Re: [DISCUSS] Add missing visibility annotation for Table APIs

2023-07-29 Thread Jane Chan
Hi all,

Thanks for your valuable feedback. Here are my thoughts.

To Jark
I agree with your suggestions, and I've updated the sheet accordingly.

To Lincoln

> For the `DynamicFilteringEvent`, tend to keep it 'internal' since it's a
> concreate implementation of `SourceEvent`(and other two implementers are
> not public ones) .


I have checked the corresponding FLIP [1], and according to the design doc,
it suggested being marked as `@PublicEvolving`. At the same time, the class
`DynamicFilteringData`, which was introduced with it, was also marked as
`@PublicEvolving`. I think we can cc Gen Luo  to help
clarify.


For the `LookupOptions` and `Trigger`s, because they're all in the public
> interfaces of the flip[2], I'm fine with making them all public ones or
> just excluding the Trigger implemantors, cc @Qingsheng can you also help to
> check this?
>

I'm fine with both. Let's wait for Qingsheng's opinion.

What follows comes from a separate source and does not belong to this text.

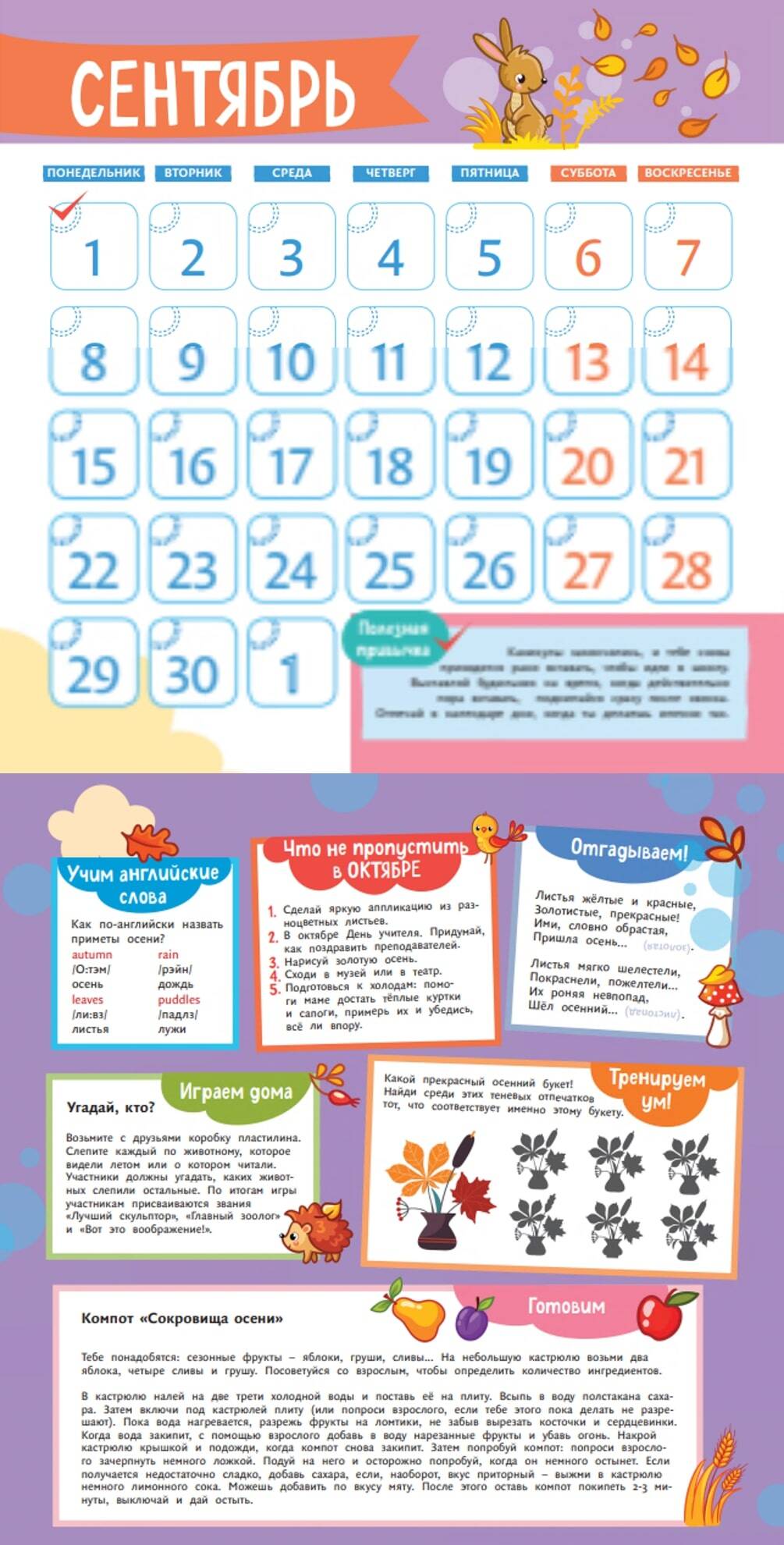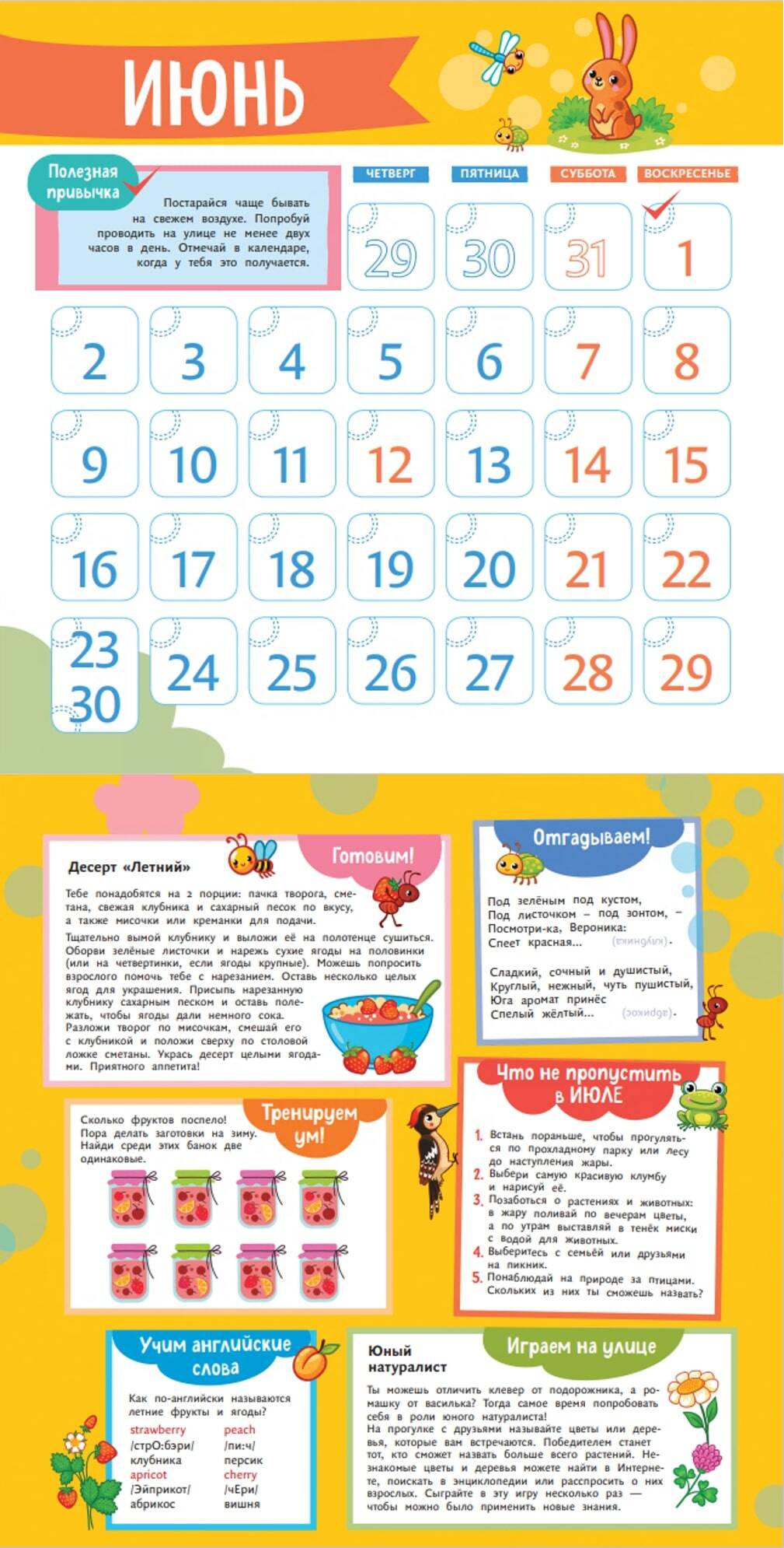 Не знаете, чем занять ребёнка долгим декабрьским вечером? Или как весело провести длинные летние каникулы? В этом календаре собраны различные советы на каждый месяц года - занятия дома и на улице, поделки и игры с друзьями, рецепты и логические задания. А благодаря ежедневному трекеру ребенок сможет выработать полезные привычки, такие как зарядка, чистка зубов на ночь или уборка в комнате.| Издательство | ООО "Издательство "Эксмо" |

For the `BuiltInFunctionDefinitions$Builder`, I think it should be
> `BuiltInFunctionDefinition$Builder`


Yes, this is a typo, and I've corrected it.


To Jing

do we really need to
> mark some many classes as @Internal? What is the exactly different between
> a public class with no annotation and with the @Internal?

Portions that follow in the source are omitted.